Die prunkvollen Schwingen seiner Freunde, die großen, schupiggen Panzer in denen kein Leben mehr steckte.
All das verstreut auf dem drechikgen, staubigen Boden und inmitten dieses grausigen Anblicks lag, mit Augen, in denen sich keine Seele mehr spiegelte, der Kopf Dorodins.
Dragomir flog.
Er Flog von Trauer, Verzweiflung und Ungläubigkeit getragen in die Weiten des beannten Reiches, bis er erschöpft weit weit weg von diesen abscheulichen Tieren an einem see zur Ruhe kam.
Dort saß er, auf einem großen Stein inmitten des Wassers. In gedankenloser Stille, trauernd - weinend. Jede einzelne Träne, die aus diesen großen Augen hinab ins Wasser stürzte erzeugte kleine Wellen.
Wellen, die sich im See verloren genauso wie Dragomir sich in seine Trauer verlor.
Er wusste seine Freunde waren tot. Nun hatte er Niemanden mehr mit dem er durch die Lüfte segeln, im Wasser schwimmen oder in der Sonne faul sein konnte.
Er war der einzige Drache im großen, unendlich weiten Reich.
Wie konnten diese Tiere das nur tun?
Seine Freunde töten, die Körper derer aufbewahren und wie Abfall auf der schmutzigen Oberfläche dieser Welt lagern?
Was Dragomir nicht wusste war, das er wohl auf die gierigste, egoistischste und skruppelloseste spezies getroffen war, die das Universum wohl hergab.

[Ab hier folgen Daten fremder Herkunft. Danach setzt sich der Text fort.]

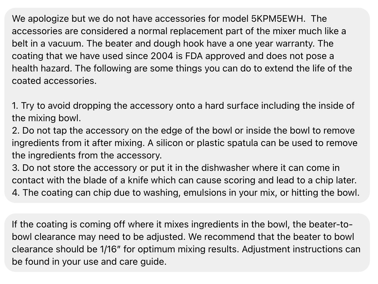 What surprised me even more is that they said the coating used since 2004 is “FDA approved and does not pose a health hazard.” That may be the case, but not sure I want pieces of it in my cake. The replacement paddles are selling on their website here in France for around €80 ($93) each.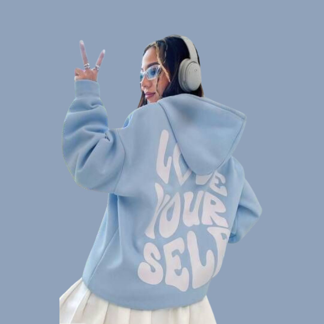 Wear your heart on your sleeve—and your back. The “Love Yourself” Oversized Hoodie combines a powerful message with a trendy, retro-inspired aesthetic. Featuring a striking warped-text design across the back, this hoodie is designed to be a daily reminder of self-care and confidence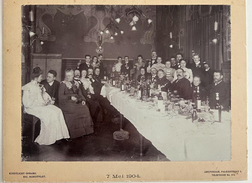| Titel: | Photography 1904 I Photography ca 1904 I Photo of several persons at dinner for the silver marriage of C.O. Roelofs, Amsterdam 7 may 1904, presented by H.L. Kleman Jr to the married couple. Photographer Nico Schuitvlot (Schuytvlot). In jugends... |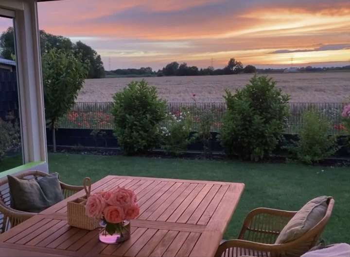 Durch die bodentiefen Fenster gelangen Sie direkt auf die Terrasse. Diese ist überdacht und selbst bei schlechtem Wetter können Sie mit Ihrer Familie oder Gästen die Zeit draußen verbringen.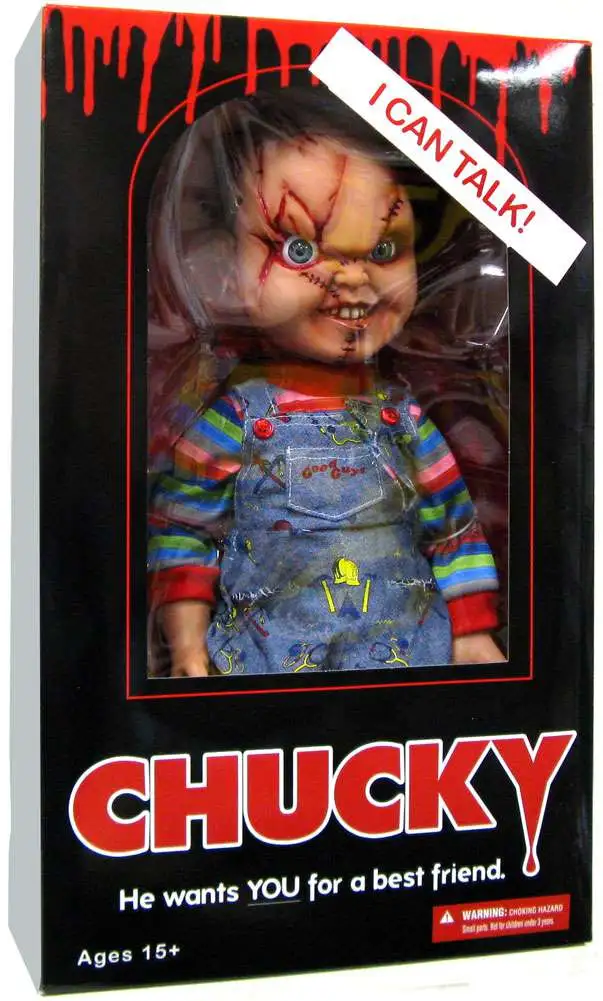 The star of five CHILDS PLAY films, Mezcos Chucky stands 15″ tall and features real cloth Good Guys clothing, 11 points of articulation and his trademark orange hair. He also talks. With seven spine-chilling phrases pulled directly from the films, this Chucky is guaranteed to thrill.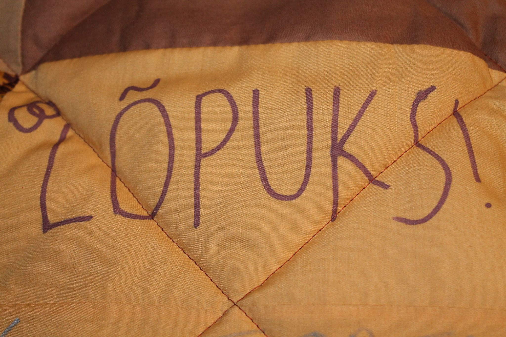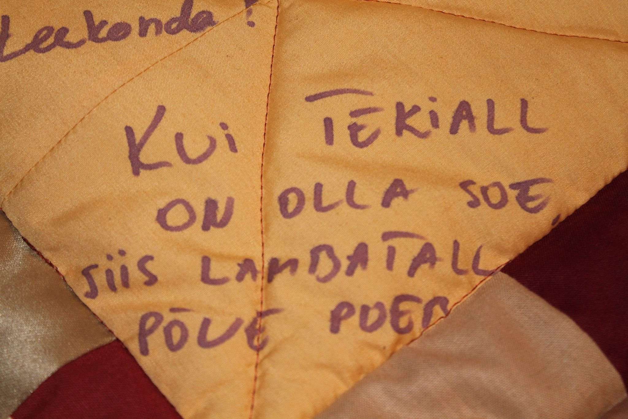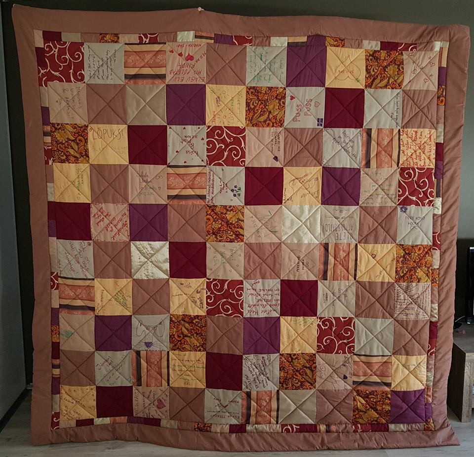 Teki detailid pidi olema piisavalt suured, et neile õnnestuks kirjutada. Ja tekki ennast polnud mõtet eelnevalt valmis õmmelda, sest siis oleks sellele kirjutamine osutunud päris ebamugavaks. Heledamad kirjutamisruudud otsustasime panna maleruutu tumedatega. Pesukindlad markerid valis Kaisa ise, nende valik on tänapäeval suur ja lai. Värvigamma oli pulmas burgundia punane, kuldne, hall ja valge- neist kaks esimest said teki põhitoonideks. Lõikasin tükid välja ja saatsin pruudile. Peale pulmi ühel ajal sain need kõik jälle oma kätte tagasi ja vormistasin nüüd tekiks.

Er war den Menschen begegnet!
Der Drache lebte nicht mehr lang.
Er starb - starb an Einsamkeit und der Gewissheit immer allein zu sein.
Und mit diesem mächtigen und wundervollen tier - mit Dragomir starben die Erinnerungen an eine Zeit, die faszinierender und wohl auch schöner nicht hätte sein können.
Eine Zeit, in der Frieden herschte -
eine Zeit, in der der Mensch noch nicht den gesamten Erdball besiedelte.